§ Work request:
Every entry is to be reproduced word for word, but the images are not.

*** Exercise data Section Begins ***

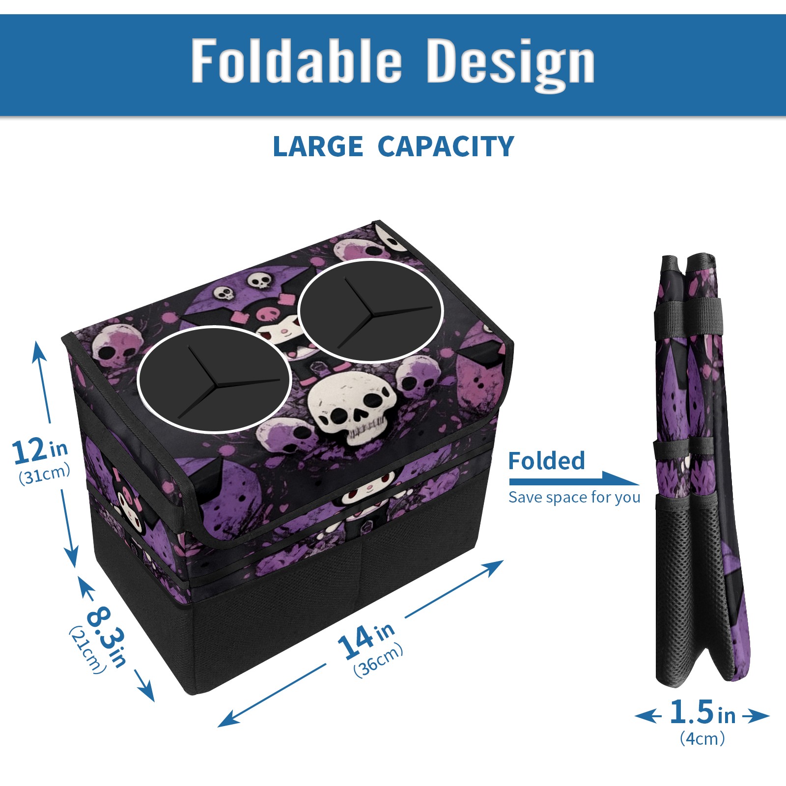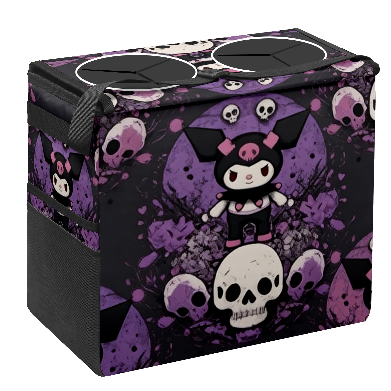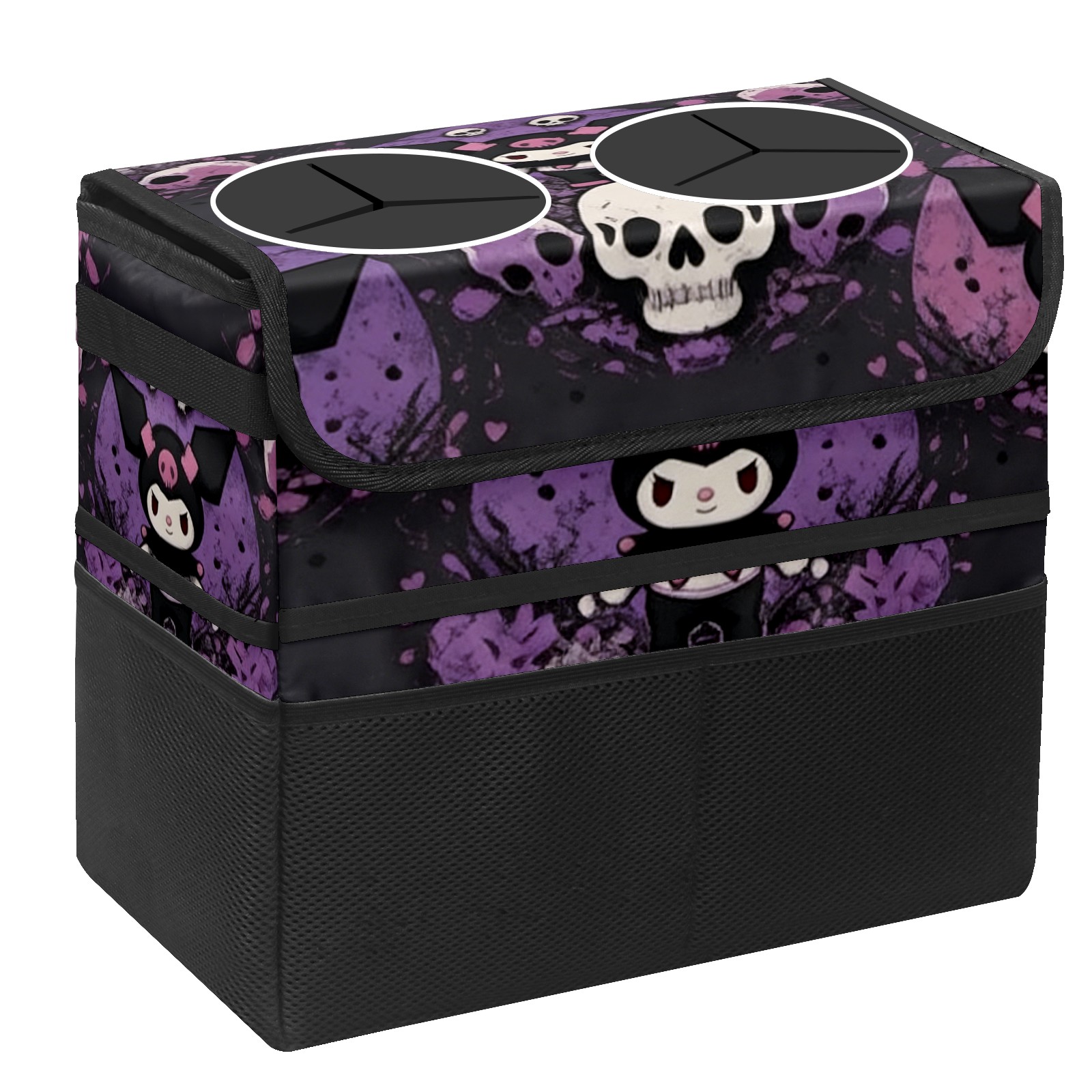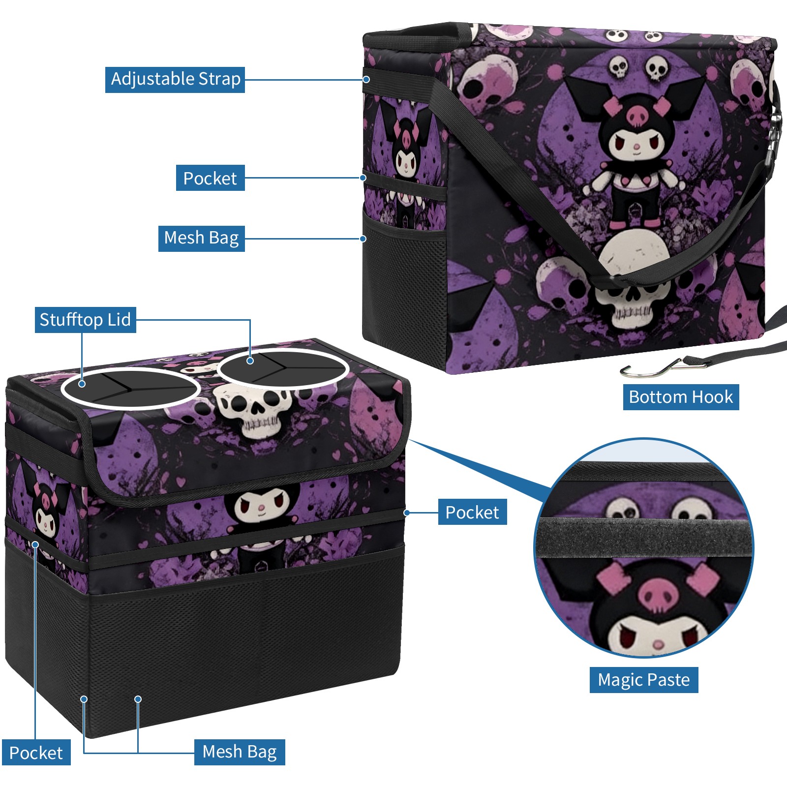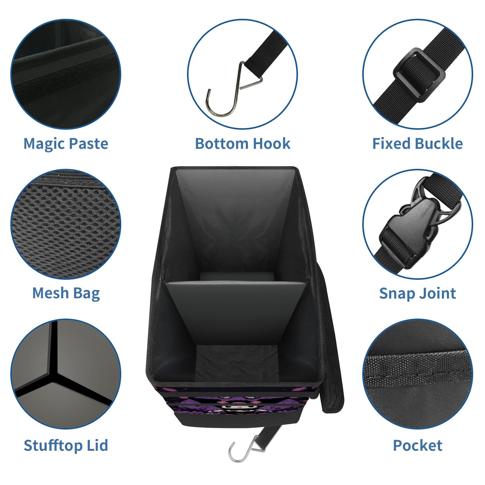 Car Trash Can with Lid, Portable Hanging Automotive Garbage Bin for Vehicles, Leakproof Waste Bag Container for SUV Truck Van Interior Auto Travel Road Trips(Dark Kuromi Purple)
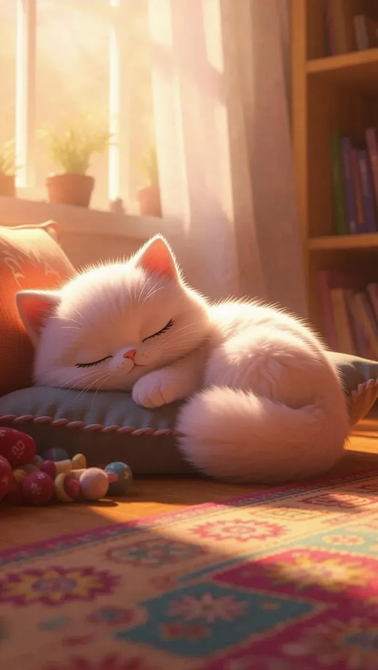Curled Up Sleeping: A fluffy, Jellycat-style kitty with soft, pastel pink fur and big, expressive eyes. The kitty is curled up in a cozy ball, sleeping peacefully on a soft cushion in a sunlit room. Plush toys are scattered nearby, and a colorful rug adds warmth to the scene. Soft, warm light filters through the window, casting gentle shadows and highlighting the kitty’s fluffy texture. The scene is serene and inviting, with a touch of whimsy, perfect for a children’s book illustration.
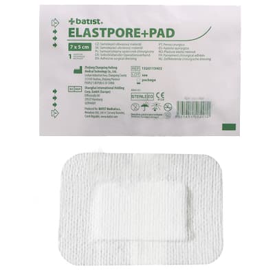 Zdravotnický prostředek. ELASTPORE+PAD je elastická sterilní náplast na rány s absorpčním polštářkem. Klíčové vlastnosti: Aplikovatelná na oblých a kónických částech těla. Savý polštářek má vysokou absorpční schopnost a je opatřen povrchovou vrstvou zabraňující přilepení na ránu. Netkaný textil náplasti je propustný pro vzduch a vodní páru. Velikost náplasti je 7 cm x 5 cm. Balení obsahuje 1 ks.
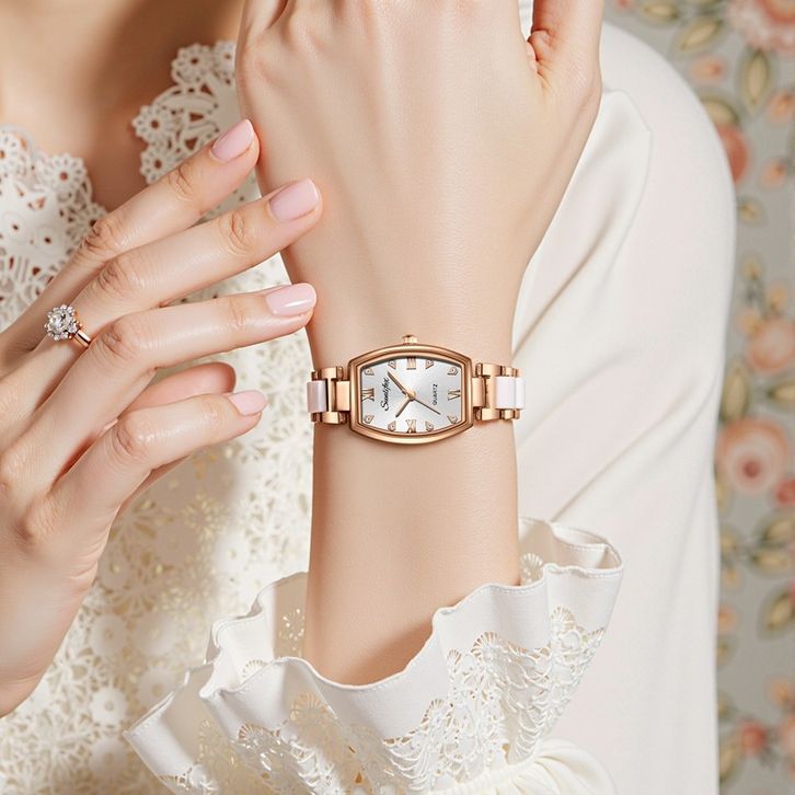 Sunlifex Jam Tangan Wanita 8016 Korea Kuarsa Tali keramik Anti Air Jam Tangan Cewek Original
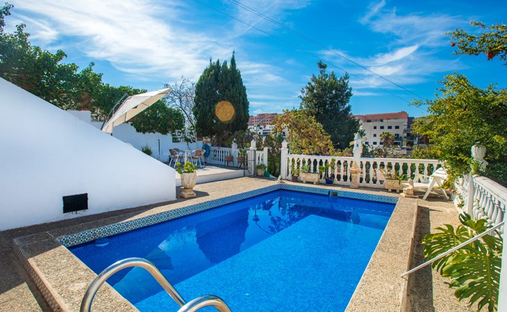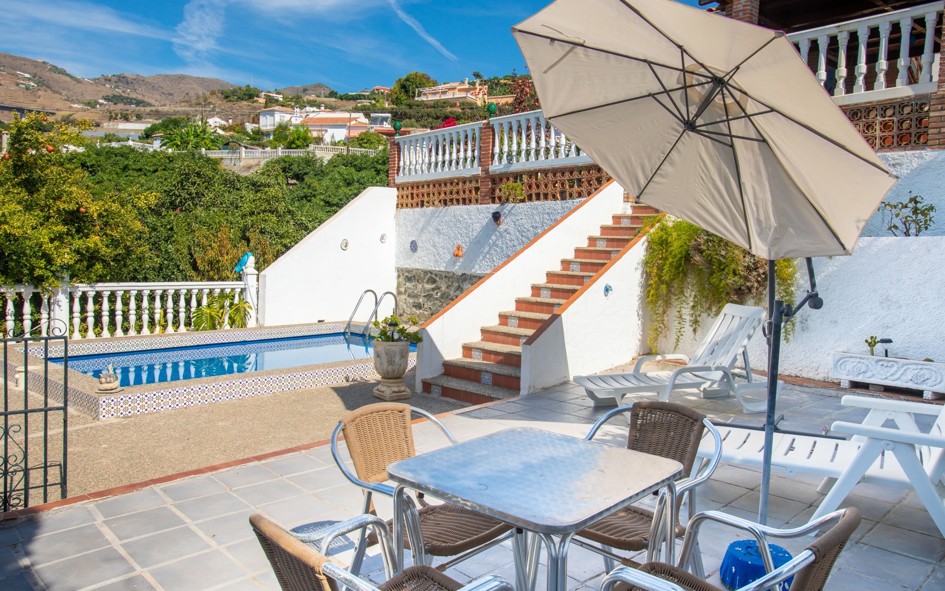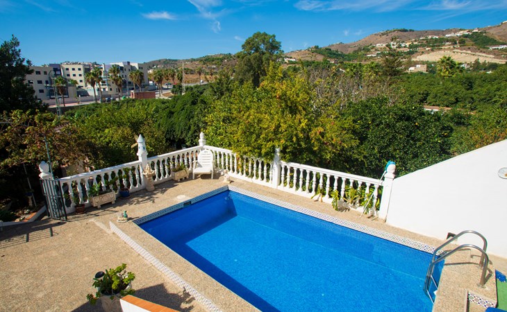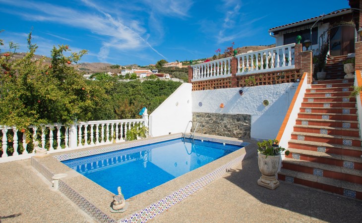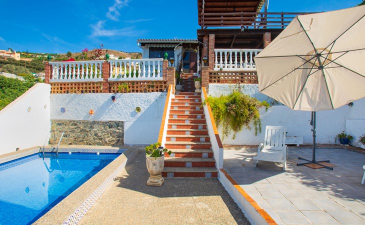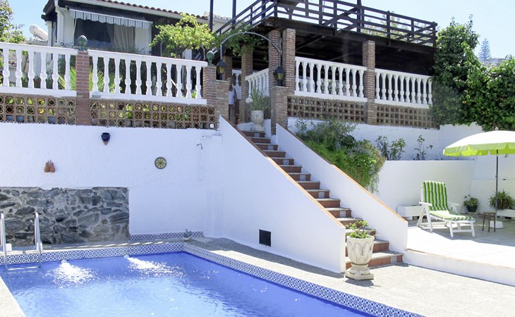 Zweifamilienhaus "Fortuna". Im Ortsteil Playa Cabria, 4 km vom Zentrum von Almuñécar, 500 m vom Meer, direkt am Strand. Zur Alleinbenutzung: Grundstück 1'000 m2 (eingezäunt), terrassierter Garten mit Pflanzen und Bäumen, Schwimmbad (6 x 3 m, 150 - 200 cm tief, saisonale Verfügbarkeit: 01.Mai. - 31.Okt.). Im Hause: Waschmaschine. Treppenweg (39 Stufen) bis zum Haus. Parkplatz auf dem Grundstück. Einkaufsgeschäft 1.3 km, Bushaltestelle "Taramay (Ctra de Almería)" 1.5 km, Sandstrand "Playa Cabria" 300 m. Nahe gelegene Sehenswürdigkeiten: Nerja, Cuevas de Nerja, Frigiliana, Granada, Salobreña, Aquatropic. Bekannte Skigebiete sind gut erreichbar: Sierra Nevada. Wandergebiete: Valle de Lecrin, Alpujarras, Sierra Almijara. Bitte beachten: Fahrzeug empfohlen. Der Besitzer akzeptiert keine Jugendgruppen. Der Besitzer wohnt auf dem gleichen Grundstück.
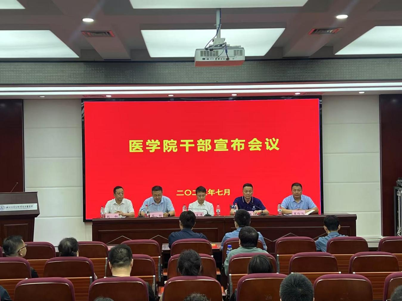 7月8日下午,YABO鸭脖官网干部宣布会议在太白校区生命科学与医学部博望报告厅举行。校长孙庆伟、校党委组织部常务副部长周超出席会议。学院全体教职工参会,会议由校党委常委、副校长陈富林主持。
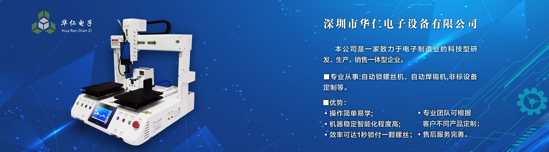 深圳市華仁電子設備有限公司是一家致力于電子制造業周邊設備的科技型研發、生產、銷售一體的企業,專業從事:自動鎖螺絲機;自動焊錫機;非標設備定制機等,公司長期以來在行業中積累了豐富的經驗,擁有專業的研發、技術、銷售支持工程團隊、各高級技術人才為客戶提供優質產品和服務,同時不斷吸取國內外先進技術,更準確及時地為客戶提供優質,性價比高的產品、公司以專業的售前、售中、售后服務贏得了客戶的信賴和好評,為客戶提供先進自動化設備一體式解決方案、
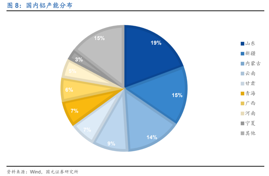 我国经过多年的实践和试点,去年在上海能源交易所正式启动了全国碳排放交易,目前碳价在50元/吨上下波动。可以看到,目前欧美成熟市场的碳交易价格是国内的十几倍。与此同时,加拿大、美国、欧洲等国纷纷加快了碳关税的进程。2021年7月以来,欧盟积极推进征收碳税,旨在调高进口钢铁、铝、水泥等电力产品价格,使欧盟企业与其他碳政策较弱国家的竞争对手处于平等地位,该政策预计2023年逐步实施,2026年全面达成。而铝的直接下游铝材约10%依赖出口,若欧盟、美国等国加征碳关税,势必导致产品成本的上升。从另外一方面讲,气候变化是全球命题,长期来看,各国碳市场交易随着资本市场的日趋开放在各国博弈的背景下预计将逐步趋同,国内碳价后续上涨空间仍然巨大。从行业上看,有色金属工业由能源消费带来的碳排放主要集中在铝(含氧化铝)、铜、铅锌、镁等产品的冶炼环节(约占81%),因此,碳成本后续对于铝企生产的影响无疑是十分显著的。

*** Exercise data Section Ends ***

§ Exercise response:
 Car Trash Can with Lid, Portable Hanging Automotive Garbage Bin for Vehicles, Leakproof Waste Bag Container for SUV Truck Van Interior Auto Travel Road Trips(Dark Kuromi Purple)
Curled Up Sleeping: A fluffy, Jellycat-style kitty with soft, pastel pink fur and big, expressive eyes. The kitty is curled up in a cozy ball, sleeping peacefully on a soft cushion in a sunlit room. Plush toys are scattered nearby, and a colorful rug adds warmth to the scene. Soft, warm light filters through the window, casting gentle shadows and highlighting the kitty’s fluffy texture. The scene is serene and inviting, with a touch of whimsy, perfect for a children’s book illustration.
 Zdravotnický prostředek. ELASTPORE+PAD je elastická sterilní náplast na rány s absorpčním polštářkem. Klíčové vlastnosti: Aplikovatelná na oblých a kónických částech těla. Savý polštářek má vysokou absorpční schopnost a je opatřen povrchovou vrstvou zabraňující přilepení na ránu. Netkaný textil náplasti je propustný pro vzduch a vodní páru. Velikost náplasti je 7 cm x 5 cm. Balení obsahuje 1 ks.
 Sunlifex Jam Tangan Wanita 8016 Korea Kuarsa Tali keramik Anti Air Jam Tangan Cewek Original
 Zweifamilienhaus "Fortuna". Im Ortsteil Playa Cabria, 4 km vom Zentrum von Almuñécar, 500 m vom Meer, direkt am Strand. Zur Alleinbenutzung: Grundstück 1'000 m2 (eingezäunt), terrassierter Garten mit Pflanzen und Bäumen, Schwimmbad (6 x 3 m, 150 - 200 cm tief, saisonale Verfügbarkeit: 01.Mai. - 31.Okt.). Im Hause: Waschmaschine. Treppenweg (39 Stufen) bis zum Haus. Parkplatz auf dem Grundstück. Einkaufsgeschäft 1.3 km, Bushaltestelle "Taramay (Ctra de Almería)" 1.5 km, Sandstrand "Playa Cabria" 300 m. Nahe gelegene Sehenswürdigkeiten: Nerja, Cuevas de Nerja, Frigiliana, Granada, Salobreña, Aquatropic. Bekannte Skigebiete sind gut erreichbar: Sierra Nevada. Wandergebiete: Valle de Lecrin, Alpujarras, Sierra Almijara. Bitte beachten: Fahrzeug empfohlen. Der Besitzer akzeptiert keine Jugendgruppen. Der Besitzer wohnt auf dem gleichen Grundstück.
 7月8日下午,YABO鸭脖官网干部宣布会议在太白校区生命科学与医学部博望报告厅举行。校长孙庆伟、校党委组织部常务副部长周超出席会议。学院全体教职工参会,会议由校党委常委、副校长陈富林主持。
 深圳市華仁電子設備有限公司是一家致力于電子制造業周邊設備的科技型研發、生產、銷售一體的企業,專業從事:自動鎖螺絲機;自動焊錫機;非標設備定制機等,公司長期以來在行業中積累了豐富的經驗,擁有專業的研發、技術、銷售支持工程團隊、各高級技術人才為客戶提供優質產品和服務,同時不斷吸取國內外先進技術,更準確及時地為客戶提供優質,性價比高的產品、公司以專業的售前、售中、售后服務贏得了客戶的信賴和好評,為客戶提供先進自動化設備一體式解決方案、
 我国经过多年的实践和试点,去年在上海能源交易所正式启动了全国碳排放交易,目前碳价在50元/吨上下波动。可以看到,目前欧美成熟市场的碳交易价格是国内的十几倍。与此同时,加拿大、美国、欧洲等国纷纷加快了碳关税的进程。2021年7月以来,欧盟积极推进征收碳税,旨在调高进口钢铁、铝、水泥等电力产品价格,使欧盟企业与其他碳政策较弱国家的竞争对手处于平等地位,该政策预计2023年逐步实施,2026年全面达成。而铝的直接下游铝材约10%依赖出口,若欧盟、美国等国加征碳关税,势必导致产品成本的上升。从另外一方面讲,气候变化是全球命题,长期来看,各国碳市场交易随着资本市场的日趋开放在各国博弈的背景下预计将逐步趋同,国内碳价后续上涨空间仍然巨大。从行业上看,有色金属工业由能源消费带来的碳排放主要集中在铝(含氧化铝)、铜、铅锌、镁等产品的冶炼环节(约占81%),因此,碳成本后续对于铝企生产的影响无疑是十分显著的。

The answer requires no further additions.